The core of the problem is that the current for
loop syntax is:
for PATTERN in EXPR {
}
and awaiting (and error handling with ?
) is something that applies only to expressions, not patterns. The only EXPR that happens to be in the for
loop is not the one we want awaiting/error handling to apply to.
So all the syntaxes struggle, because there’s literally no place for them. The only current options are to use expression-specific syntax as if it was a pattern (crates syntactical special cases), apply expression syntax to some implied/imaginary expression, or put it in a place where it looks like it applies to the wrong expression (either the stream or the for
loop as a whole).
So the solution is to put another EXPR in the for
loop synatax.
Currently Rust has two places where PATTERN and EXPR work together:
if/while let PATTERN = EXPR {}
and
match … {
PATTERN => EXPR
}
The difference is that in let
the EXPR is evaluated first, then assigned to the pattern. In match
the PATTERN is evaluated first, then used in EXPR.
(I’m using try!()
instead of any of the await
syntaxes to avoid suggesting any particular choice)

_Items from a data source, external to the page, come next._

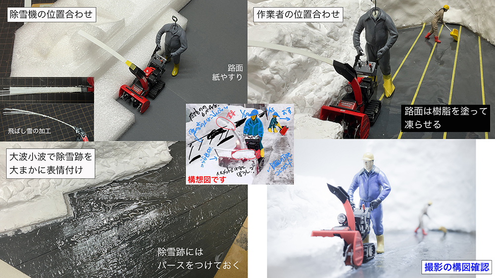 除雪の山は発泡素材+百均ねんどにて作製、路面には紙ヤスリ、その上に透明アクリル樹脂を薄く塗布、「大波小波」「テクスチャーペイント」「深雪」を使用して仕上げました。
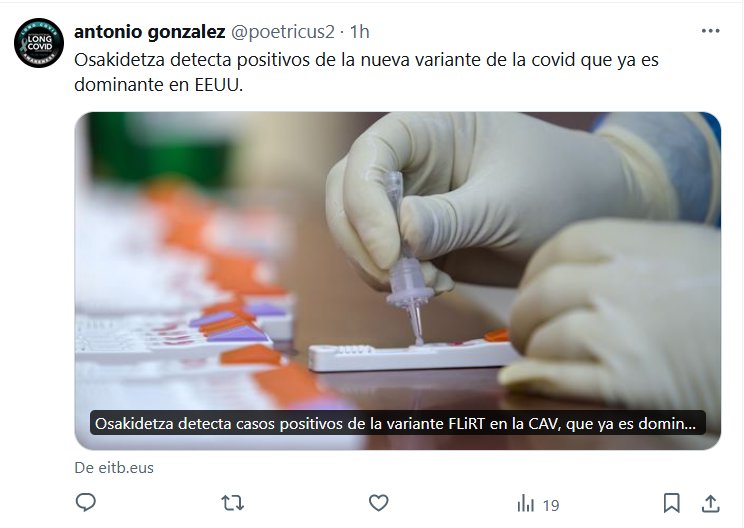 YA LLEGÓ A ESPAÑA Osakidetza detecta positivos de la nueva variante de la covid que ya es dominante en EEUU. Posted on mayo 23, 2024 por coronado https://www.eitb.eus/es/noticias/sociedad/detalle/9502877/osakidetza-detecta-positivos-de-nueva-variante-de-covid-que-ya-es-dominante-en-eeuu/
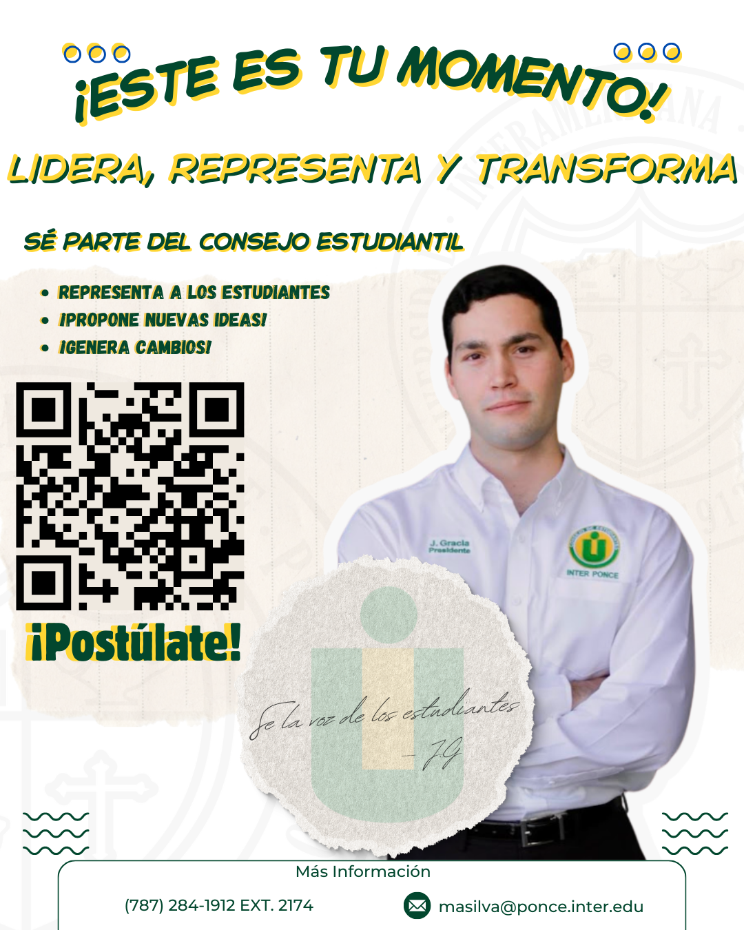 Atrévete a dar el paso y sé parte del cambio postulándote al Consejo de Estudiantes 2026-2027. Están abiertas las nominaciones para los puestos de presidente, vicepresidente, tesorero, secretario y vocales.
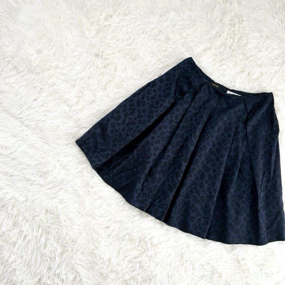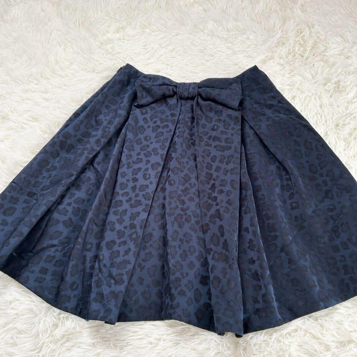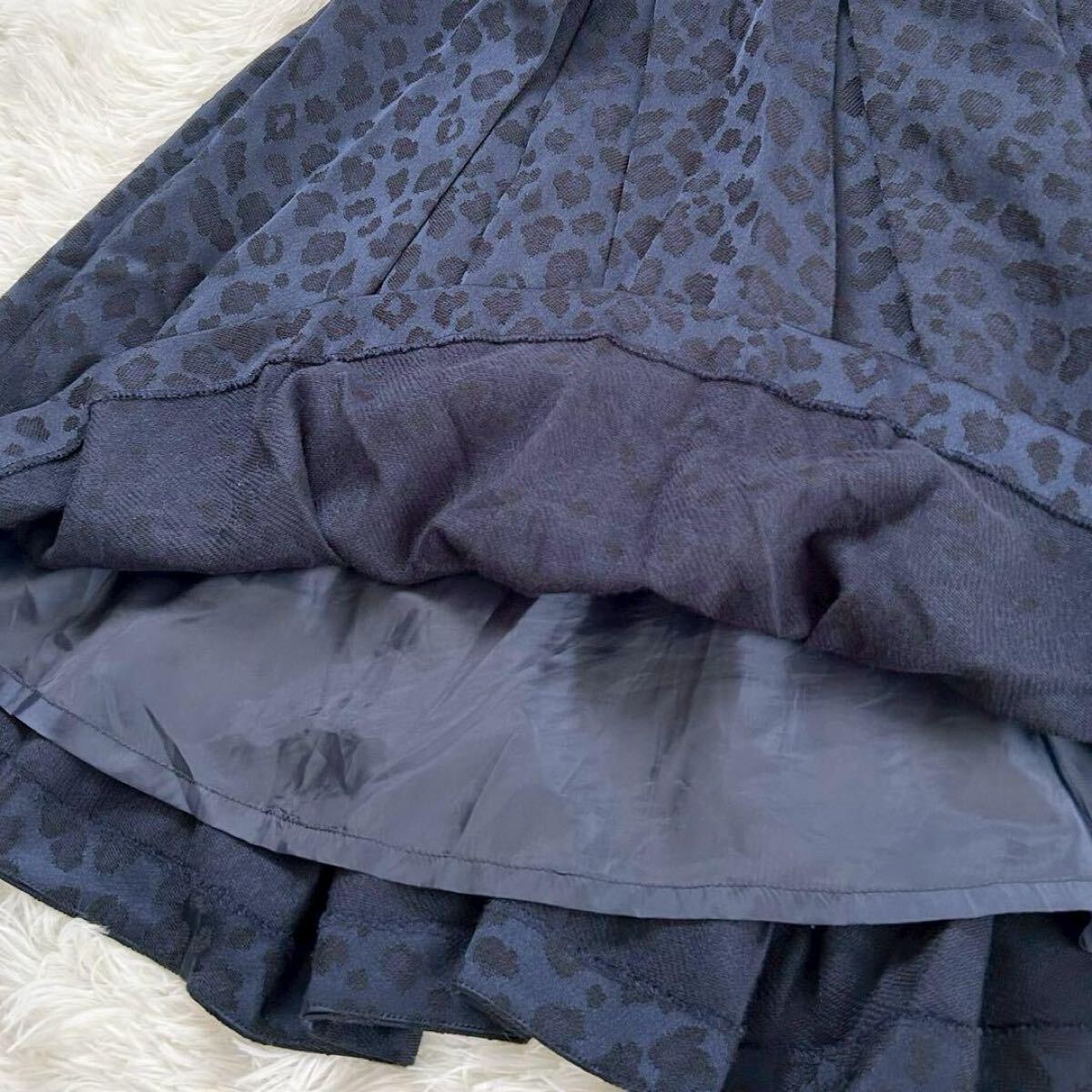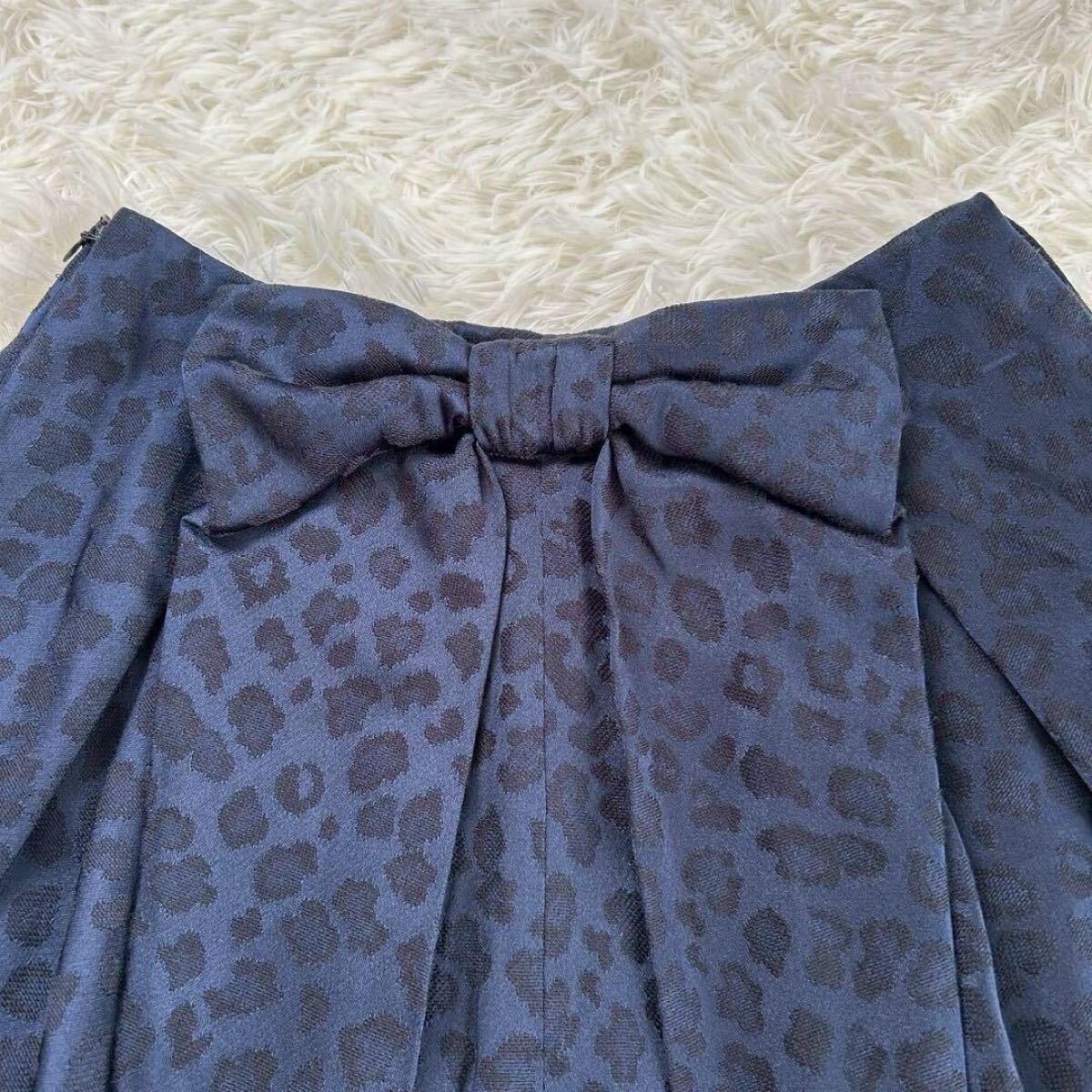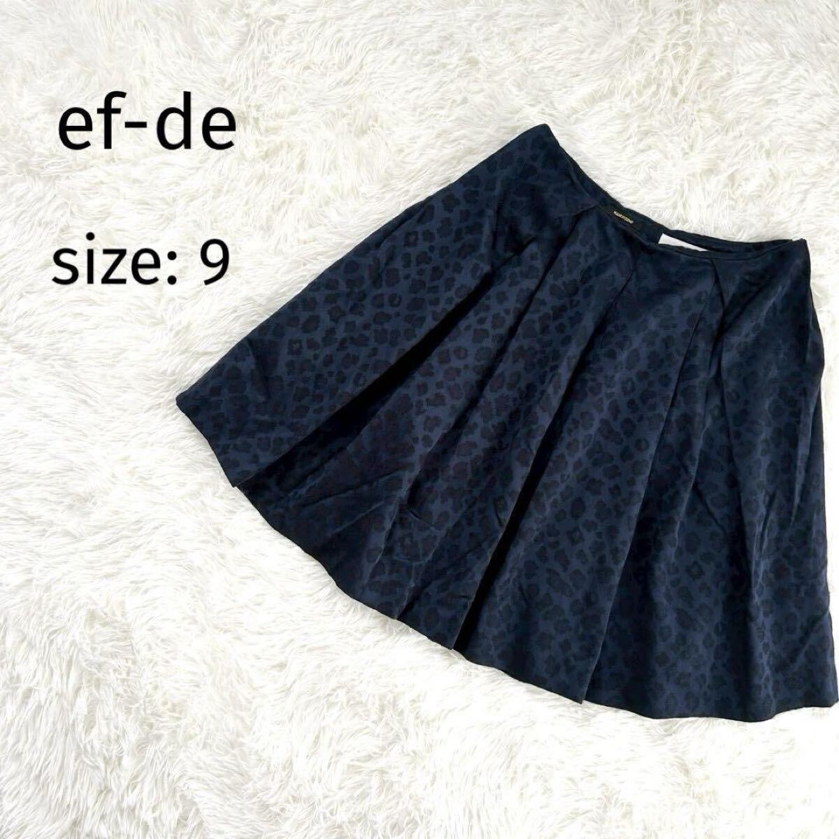 エフデ ef-de 上品ヒョウ柄 膝丈 ネイビー きれいめ リボン付 レオパード

for let x = try!(/*how do you refer to an element here???*/) in stream {}
for x => try!(x) in stream {
/* how to refer to the result of try!(x)??? */
}
but both are still missing having a second pattern or some other way to refer to the missing element.
However, maybe that’s still a step forward, because presence of the second EXPR makes the for
loop syntax orthogonal with other features. It’s automatically compatible with any await syntax, any error handling syntax, user macros, etc.